## Assignment
Every record must be repeated exactly, with no omission.

[Stored items from a collection]

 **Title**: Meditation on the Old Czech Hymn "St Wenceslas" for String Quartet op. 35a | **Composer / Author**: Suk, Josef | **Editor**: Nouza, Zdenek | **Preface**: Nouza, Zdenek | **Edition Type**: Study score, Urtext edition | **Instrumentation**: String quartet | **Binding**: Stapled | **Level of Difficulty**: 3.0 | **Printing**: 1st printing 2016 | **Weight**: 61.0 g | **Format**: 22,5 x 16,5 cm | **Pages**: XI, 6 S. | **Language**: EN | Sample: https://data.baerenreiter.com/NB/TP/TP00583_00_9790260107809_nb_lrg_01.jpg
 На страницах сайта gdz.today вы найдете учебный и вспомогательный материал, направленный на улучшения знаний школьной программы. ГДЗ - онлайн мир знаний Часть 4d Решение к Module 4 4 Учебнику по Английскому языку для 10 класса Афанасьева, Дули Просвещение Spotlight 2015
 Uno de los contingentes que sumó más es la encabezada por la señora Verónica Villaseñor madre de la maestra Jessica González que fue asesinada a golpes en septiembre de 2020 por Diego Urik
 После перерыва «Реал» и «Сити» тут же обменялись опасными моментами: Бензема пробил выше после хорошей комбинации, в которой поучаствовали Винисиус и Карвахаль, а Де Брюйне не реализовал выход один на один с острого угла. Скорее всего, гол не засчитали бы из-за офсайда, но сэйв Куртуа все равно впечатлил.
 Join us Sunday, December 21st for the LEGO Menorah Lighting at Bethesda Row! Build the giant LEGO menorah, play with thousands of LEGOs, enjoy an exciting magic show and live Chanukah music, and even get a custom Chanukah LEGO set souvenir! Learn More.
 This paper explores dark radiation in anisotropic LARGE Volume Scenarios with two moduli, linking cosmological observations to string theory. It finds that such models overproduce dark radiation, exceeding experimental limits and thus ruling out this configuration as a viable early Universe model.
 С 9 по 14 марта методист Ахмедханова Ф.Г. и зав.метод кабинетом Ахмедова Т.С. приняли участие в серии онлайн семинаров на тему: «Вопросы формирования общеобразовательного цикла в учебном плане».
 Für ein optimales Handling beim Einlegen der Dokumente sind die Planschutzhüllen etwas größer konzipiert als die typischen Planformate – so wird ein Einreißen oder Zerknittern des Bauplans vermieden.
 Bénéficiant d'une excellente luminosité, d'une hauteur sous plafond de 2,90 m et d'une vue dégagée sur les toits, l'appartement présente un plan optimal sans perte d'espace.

## Result below
 **Title**: Meditation on the Old Czech Hymn "St Wenceslas" for String Quartet op. 35a | **Composer / Author**: Suk, Josef | **Editor**: Nouza, Zdenek | **Preface**: Nouza, Zdenek | **Edition Type**: Study score, Urtext edition | **Instrumentation**: String quartet | **Binding**: Stapled | **Level of Difficulty**: 3.0 | **Printing**: 1st printing 2016 | **Weight**: 61.0 g | **Format**: 22,5 x 16,5 cm | **Pages**: XI, 6 S. | **Language**: EN | Sample: https://data.baerenreiter.com/NB/TP/TP00583_00_9790260107809_nb_lrg_01.jpg
 На страницах сайта gdz.today вы найдете учебный и вспомогательный материал, направленный на улучшения знаний школьной программы. ГДЗ - онлайн мир знаний Часть 4d Решение к Module 4 4 Учебнику по Английскому языку для 10 класса Афанасьева, Дули Просвещение Spotlight 2015
 Uno de los contingentes que sumó más es la encabezada por la señora Verónica Villaseñor madre de la maestra Jessica González que fue asesinada a golpes en septiembre de 2020 por Diego Urik
 После перерыва «Реал» и «Сити» тут же обменялись опасными моментами: Бензема пробил выше после хорошей комбинации, в которой поучаствовали Винисиус и Карвахаль, а Де Брюйне не реализовал выход один на один с острого угла. Скорее всего, гол не засчитали бы из-за офсайда, но сэйв Куртуа все равно впечатлил.
 Join us Sunday, December 21st for the LEGO Menorah Lighting at Bethesda Row! Build the giant LEGO menorah, play with thousands of LEGOs, enjoy an exciting magic show and live Chanukah music, and even get a custom Chanukah LEGO set souvenir! Learn More.
 This paper explores dark radiation in anisotropic LARGE Volume Scenarios with two moduli, linking cosmological observations to string theory. It finds that such models overproduce dark radiation, exceeding experimental limits and thus ruling out this configuration as a viable early Universe model.
 С 9 по 14 марта методист Ахмедханова Ф.Г. и зав.метод кабинетом Ахмедова Т.С. приняли участие в серии онлайн семинаров на тему: «Вопросы формирования общеобразовательного цикла в учебном плане».
 Für ein optimales Handling beim Einlegen der Dokumente sind die Planschutzhüllen etwas größer konzipiert als die typischen Planformate – so wird ein Einreißen oder Zerknittern des Bauplans vermieden.
 Bénéficiant d'une excellente luminosité, d'une hauteur sous plafond de 2,90 m et d'une vue dégagée sur les toits, l'appartement présente un plan optimal sans perte d'espace.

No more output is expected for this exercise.